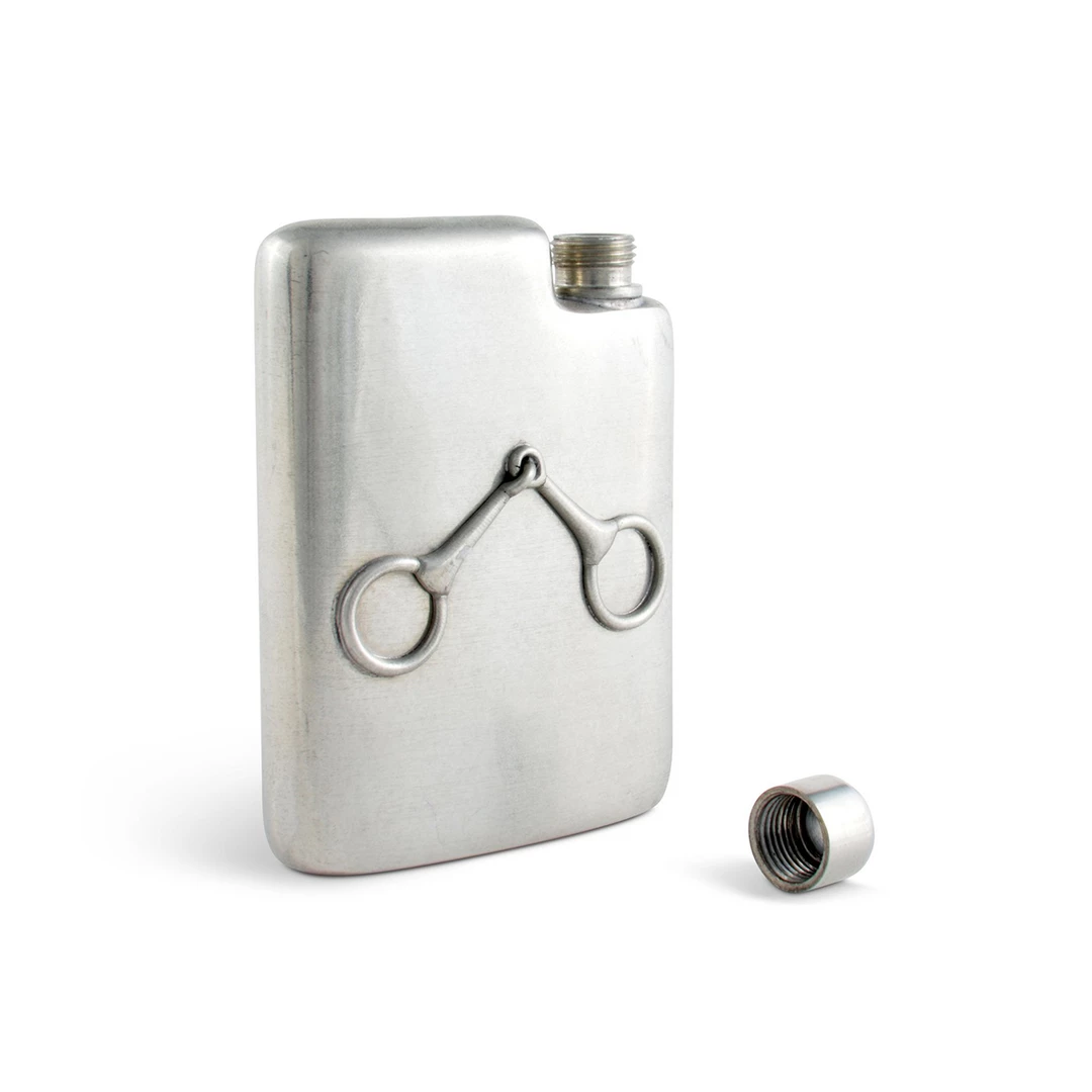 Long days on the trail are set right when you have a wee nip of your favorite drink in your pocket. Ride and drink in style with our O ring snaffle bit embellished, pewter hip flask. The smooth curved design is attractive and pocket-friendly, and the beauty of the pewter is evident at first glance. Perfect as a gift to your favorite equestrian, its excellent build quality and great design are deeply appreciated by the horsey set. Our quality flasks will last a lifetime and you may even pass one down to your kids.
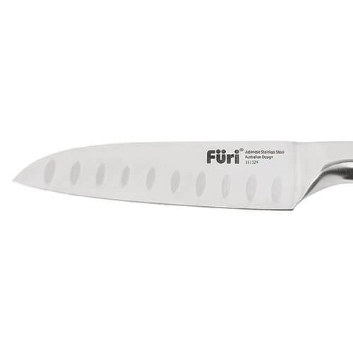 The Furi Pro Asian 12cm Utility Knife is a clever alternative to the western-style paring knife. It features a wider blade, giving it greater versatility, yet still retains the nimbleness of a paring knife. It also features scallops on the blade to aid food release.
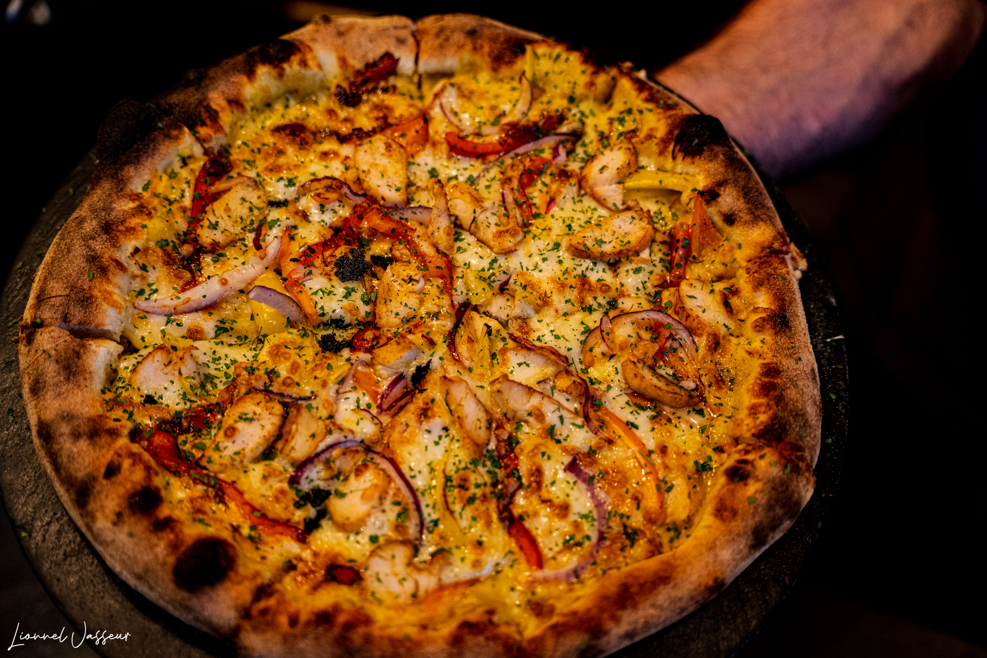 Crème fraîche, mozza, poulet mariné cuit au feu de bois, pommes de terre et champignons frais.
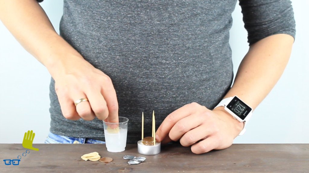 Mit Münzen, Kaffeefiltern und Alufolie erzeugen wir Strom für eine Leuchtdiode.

━━━━

Exercise: Exclude every image and return the material above exactly.

Response area:
 Long days on the trail are set right when you have a wee nip of your favorite drink in your pocket. Ride and drink in style with our O ring snaffle bit embellished, pewter hip flask. The smooth curved design is attractive and pocket-friendly, and the beauty of the pewter is evident at first glance. Perfect as a gift to your favorite equestrian, its excellent build quality and great design are deeply appreciated by the horsey set. Our quality flasks will last a lifetime and you may even pass one down to your kids.
 The Furi Pro Asian 12cm Utility Knife is a clever alternative to the western-style paring knife. It features a wider blade, giving it greater versatility, yet still retains the nimbleness of a paring knife. It also features scallops on the blade to aid food release.
 Crème fraîche, mozza, poulet mariné cuit au feu de bois, pommes de terre et champignons frais.
 Mit Münzen, Kaffeefiltern und Alufolie erzeugen wir Strom für eine Leuchtdiode.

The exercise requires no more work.